Let $\angle {FDE}=x$ So $\frac {FK}{KD}=\frac {KE}{KD}=\frac {Sin x}{Cos(B-C)}=\frac {Sin (2A+x)}{Cos(B-C)}$ So we get $A+x=\angle{KDB}=90^0$. Done.

sunken rock wrote: Remark, open: Locus of $K$ when $D$ moves randomly on $|BC|$ is a line segment. yetti wrote: When $D$ coincides with $B$, then $F$ also coincides with $B$ ... As a result, circles $(K) \equiv \odot(AFE)$ for arbitrary $D \in BC$ form a pencil intersecting at $A, Z$ and their centers $K$ lie on the line $MN$. The power of $B$ wrt $\odot (AFE)$ is $P(B)=BD \cdot BC$. The power of $C$ wrt $\odot (AFE)$ is $P(C)=CD \cdot BC$. Let $M_{BC} \in BC$ be the midpoint of $BC$. The power of $M_{BC}$ wrt $\odot (AFE)$ is $P(M_{BC})=\frac {2P(B)+2P(C)-BC^2}{4}=\frac{BC^2}{4}$. This follows from the parallelogram law or the formula for the median. This means that $AM_{BC}$ is the radical axis of all circles $\odot (AFE)$ for an arbitrary position of $D \in BC$. The centers $K$ of these circles lie on a perpendicular to this axis.

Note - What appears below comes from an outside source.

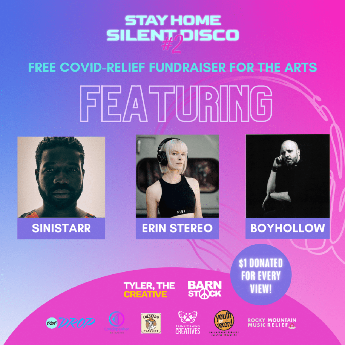 With restrictions still tight in Colorado and COVID-19 cases back on the rise, it seems that concerts and clubbing won’t happen anytime soon. But, that doesn’t mean you can’t dance the night away in the comfort of your own home while helping raise money for local organizations with a virtual silent disco. Join Tyler, the Creative tonight for the Silent Disco #2.

Since $DF \perp BO$, it is well-known that $DF$ is antiparallel to $AC$ WRT $\angle ABC.$ Therefore, $A, C, D, F$ are concyclic. Similarly, $A, B, D, E$ are concyclic. Then after inversion with pole $A$, we obtain the following Equivalent Problem: Let $D$ be a variable point on the circumcircle of $\triangle ABC.$ Denote $E \equiv BD \cap AC, F \equiv CD \cap AB$, and let $K$ be the reflection of $A$ in $EF.$ Prove that $\odot(ABC)$ and $\odot(ADK)$ are orthogonal. Proof: Let the tangents to $\odot(ABC)$ at $A, D$ meet at $X$. Note that the circle $\omega$ with center $X$ passing through $A, D$ is orthogonal to $\odot(ABC).$ Meanwhile, Pascal's Theorem applied to cyclic hexagon $AABDDC$ yields $X \in EF.$ But as $EF$ is the perpendicular bisector of $\overline{AK}$, we obtain $XA = XK \implies K \in \omega.$ Hence, $\odot(ADK) \equiv \omega$ and the desired result follows. $\square$

sunken rock wrote: Remark, open: Locus of $K$ when $D$ moves randomly on $|BC|$ is a line segment. Regarding the above post (#10), let $V$ be the projection of $A$ onto $EF$ (the midpoint of $\overline{AK}$) and let the tangents to $\odot(ABC)$ at $B, C$ meet at $T.$ By Pascal's Theorem applied to cyclic hexagon $ABBDCC$, we obtain $T \in EF.$ Therefore, $\angle AVT = 90^{\circ}$, and it follows that the locus of $T$ is the circle of diameter $\overline{AT}.$ Then the homothety $\mathbf{H}(A, 2)$ implies that the locus of $K$ is a circle passing through $A$ as well. Therefore, the locus of $K$ before inversion is a line not passing through $A.$

yunxiu wrote: Let $ABC$ be a triangle with circumcentre $O$. The points $D,E,F$ lie in the interiors of the sides $BC,CA,AB$ respectively, such that $DE$ is perpendicular to $CO$ and $DF$ is perpendicular to $BO$. (By interior we mean, for example, that the point $D$ lies on the line $BC$ and $D$ is between $B$ and $C$ on that line.) Let $K$ be the circumcentre of triangle $AFE$. Prove that the lines $DK$ and $BC$ are perpendicular. Netherlands (Merlijn Staps) Here is my solution. Let $X,Y$ be the intersection of $OB$ with $DF$ and $OC$ with $DE.$ Because the points $O$ $,$ $K$ are the circumcenters of the triangles $ABC$ $,$ $AEF,$ respectively, and the quadrilateral $OXDY$ is cyclic $( \angle OXD+\angle DYO=\frac{\pi}{2}+\frac{\pi}{2}=\pi ),$ we have \[\angle EDF=\angle YDX=\pi-\angle BOC=\pi-2\angle BAC=\pi-\angle FKE.\]Therefore, the quadrilateral $KEDF$ is cyclic, because $KE=KF$ we deduce that $\angle EDK=\angle KDF.$ Because $OB=OC$ we can see that \[\angle CDE=\angle CDY=\frac{\pi}{2}-\angle YCD=\frac{\pi}{2}-\angle XBD=\angle XDB=\angle FDB.\]Finally, we conclude that $\angle KDB=\angle KDF+\angle FDB=\angle EDK+\angle CDE=\angle CDK=\frac{\pi}{2}, $ as claim.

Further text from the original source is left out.